Тургенев отвернулся, но его спокойная уверенность теперь казалась хорошо отрепетированной ролью. Может ли он подкупить их?.. Мысль об этом вызвала у него улыбку. Нет, нужно тянуть время до тех пор, пока Лок не выкашляет своих легких. Даже Бакунин, ожидавший развязки за пеленой быстро возвращавшейся метели, был слишком алчным человеком, чтобы решиться на поступок, который мог причинить вред его покровителю.

Оставался только Лок…

…и тот очевидный факт, что Воронцов и его люди подчинились решению американца. Они превратились в обычных наблюдателей.

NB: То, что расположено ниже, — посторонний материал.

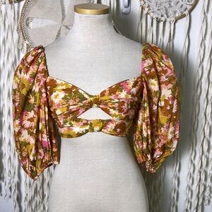 Zimmermann Cropped Cutout Floral Print Puff Sleeve Top Cotton Gauze Size 0

Да… и все сильнее им овладевало тревожное предчувствие, что они могут опоздать. Они могут замешкаться, и Лок убьет его раньше, чем у них наконец проснется инстинкт самосохранения…

* * *

Бакунин окинул взглядом окружавший его человеческий мусор – техников и диспетчеров, взвод солдат. Окна диспетчерской башни ослепли от напора метели. Его адъютант, стоявший рядом с ним, высокий молодой красавец, только что предложил штурмовать самолет. «Спецподразделение? – задумчиво отозвался Бакунин. – Нет, мы сами можем справиться с ситуацией». Капитан согласился с его решением, возможно, даже не подумав о собственном небольшом доходе от взяток и выполнения приказов Тургенева, связанных с устранением нежелательных лиц.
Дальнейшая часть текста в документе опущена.